A paso de tortuga (ed 1.3)

Por Alberto Pagán

Ella diría que parece una tortuga. Siempre, no importa la forma de la nube, si no poseía semblanzas más obvias la comparaba con una tortuga. Una tortuga de frente, con la cola saliéndole por el lado. Una tortuga de perfil. Una tortuga de cerca. Siempre con sus tortugas, que lo menos que a mí me recuerdan son a nubes. Y por este cielo grisáceo, ¿qué tortuga pasaría? Si puede estar en el cielo, puede hacer lo que sea, seguramente. Podría irse a otro pedazo de cielo, uno más placentero. Pero me alegro que esté flotando sobre mí, aunque sea de pasada, la tortuga, o lo que sea.
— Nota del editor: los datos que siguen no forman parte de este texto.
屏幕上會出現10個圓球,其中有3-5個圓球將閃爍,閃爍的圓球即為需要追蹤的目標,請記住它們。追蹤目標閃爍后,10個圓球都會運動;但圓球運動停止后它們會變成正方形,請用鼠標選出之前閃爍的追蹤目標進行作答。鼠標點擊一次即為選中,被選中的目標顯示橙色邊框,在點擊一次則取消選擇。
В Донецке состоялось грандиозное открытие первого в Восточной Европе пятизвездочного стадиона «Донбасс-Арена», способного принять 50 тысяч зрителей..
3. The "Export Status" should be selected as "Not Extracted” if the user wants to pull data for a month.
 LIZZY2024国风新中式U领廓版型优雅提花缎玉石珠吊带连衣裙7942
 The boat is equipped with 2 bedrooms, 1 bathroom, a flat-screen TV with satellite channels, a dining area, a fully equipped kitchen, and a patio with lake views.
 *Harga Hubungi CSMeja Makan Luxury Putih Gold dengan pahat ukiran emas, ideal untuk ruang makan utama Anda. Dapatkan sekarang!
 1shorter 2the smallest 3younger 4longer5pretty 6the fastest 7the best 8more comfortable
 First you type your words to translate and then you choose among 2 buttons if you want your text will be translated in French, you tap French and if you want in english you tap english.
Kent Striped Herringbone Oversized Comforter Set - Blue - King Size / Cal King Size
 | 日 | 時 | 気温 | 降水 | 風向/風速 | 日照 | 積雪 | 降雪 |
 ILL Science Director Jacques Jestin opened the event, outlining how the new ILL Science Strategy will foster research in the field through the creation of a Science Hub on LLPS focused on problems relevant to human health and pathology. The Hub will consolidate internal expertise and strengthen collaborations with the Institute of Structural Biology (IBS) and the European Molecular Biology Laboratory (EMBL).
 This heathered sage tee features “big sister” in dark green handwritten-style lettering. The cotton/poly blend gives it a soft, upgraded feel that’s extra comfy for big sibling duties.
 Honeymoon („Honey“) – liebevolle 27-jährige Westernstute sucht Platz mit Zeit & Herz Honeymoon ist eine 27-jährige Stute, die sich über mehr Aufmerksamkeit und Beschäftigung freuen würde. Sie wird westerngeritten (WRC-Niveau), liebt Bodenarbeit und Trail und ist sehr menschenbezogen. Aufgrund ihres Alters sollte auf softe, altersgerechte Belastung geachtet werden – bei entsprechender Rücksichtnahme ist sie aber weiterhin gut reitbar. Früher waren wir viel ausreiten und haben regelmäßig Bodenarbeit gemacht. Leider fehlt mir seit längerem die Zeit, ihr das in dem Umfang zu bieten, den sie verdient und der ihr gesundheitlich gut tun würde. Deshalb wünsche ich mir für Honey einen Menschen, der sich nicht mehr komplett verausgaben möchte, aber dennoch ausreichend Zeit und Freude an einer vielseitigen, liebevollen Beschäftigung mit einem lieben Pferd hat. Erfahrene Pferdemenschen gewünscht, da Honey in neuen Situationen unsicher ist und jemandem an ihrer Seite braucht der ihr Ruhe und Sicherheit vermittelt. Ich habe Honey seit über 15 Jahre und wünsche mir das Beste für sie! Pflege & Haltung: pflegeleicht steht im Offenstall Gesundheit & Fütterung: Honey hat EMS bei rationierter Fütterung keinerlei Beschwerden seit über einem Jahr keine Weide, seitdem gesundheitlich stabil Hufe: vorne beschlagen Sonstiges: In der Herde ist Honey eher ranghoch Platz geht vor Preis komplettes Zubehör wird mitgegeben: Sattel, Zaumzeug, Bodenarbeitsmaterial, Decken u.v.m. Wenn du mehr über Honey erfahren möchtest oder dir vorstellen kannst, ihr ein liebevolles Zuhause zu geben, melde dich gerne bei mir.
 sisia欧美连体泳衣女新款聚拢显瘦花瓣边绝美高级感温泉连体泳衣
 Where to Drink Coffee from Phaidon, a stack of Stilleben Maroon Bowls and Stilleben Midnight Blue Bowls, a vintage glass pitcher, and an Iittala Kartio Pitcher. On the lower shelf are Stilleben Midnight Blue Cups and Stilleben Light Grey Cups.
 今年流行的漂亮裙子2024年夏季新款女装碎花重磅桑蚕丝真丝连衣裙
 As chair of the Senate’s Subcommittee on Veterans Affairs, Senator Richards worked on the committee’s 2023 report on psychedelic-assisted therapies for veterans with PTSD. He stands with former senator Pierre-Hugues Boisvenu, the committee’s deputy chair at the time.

Y después de todo me encuentro aquí, no sé donde exactamente, pero estoy aquí sin ella. Solo me acompaña Sánchez, y el no hace nada. Ni siquiera está hablando, y antenoche no se callaba la boca. Hacía frío y nos estábamos dividiendo una botella de vodka que recogimos en la taberna. Nos calentamos, pero el se puso a hablar más y yo me puse más belicoso. Nos dimos par de empujones y terminamos rodando por la acera, tirándonos puñetazos lo mejor que podíamos, a veces pegándole al cemento. Me rompió la nariz y la acera le rompió los nudillos. Yo, pues no soy el mejor peleando, pero le di dos o tres. Y ahora está aquí haciendo nada. Si en vez de Sánchez estuviera ella. Ella que tan ridículo me ponía. Nunca me hubiera puesto a mirar las nubes solo por mirarlas. Acá abajo hay mejores cosas que ver. Así la encontré a ella. Si hubiera estado mirando nubes quizás me hubiese pasado de largo, y nada sería igual.
La boca me sabe a café. Me sabe a uno en particular, pero no al de mi madre. Y aunque desconozco dónde estoy, dudo que estén colando café. Quizás Sánchez lo derramó en su pantalón o algo antes de sentarse al lado mío. Quizás por eso está atónito el idiota. Mi madre no hacía una buena taza de café. No porque no pudiera hacerlo, sino por falta de empeño. A veces el empeño da más resultado que la acción misma, como un simple roce de brazos, o el tocarle la mano a ella. Levantar el dedo del corazón levemente, temblando un poco, para alcanzar su meñique. Sus manos eran un refugio para las mías. Me refugiaban de las ansias de no poder sentirla cerca. Mi padre, en cambio, hacía un café exquisito. Su poca expresividad era solo un regulador a su fervor. En sus escasas palabras siempre había conocimientos cicatrizados, y en sus muchas acciones siempre entusiasmo. Cuando colaba el café la casa entera se lo disfrutaba. El aroma levantaba muertos o mataba vivos. Lograba entrar por alguno de los agujeros en mi cara y salir por el otro. Ahora mismo la boca me sabe a café. El café de mi padre, que sabía de tan solo ser olido.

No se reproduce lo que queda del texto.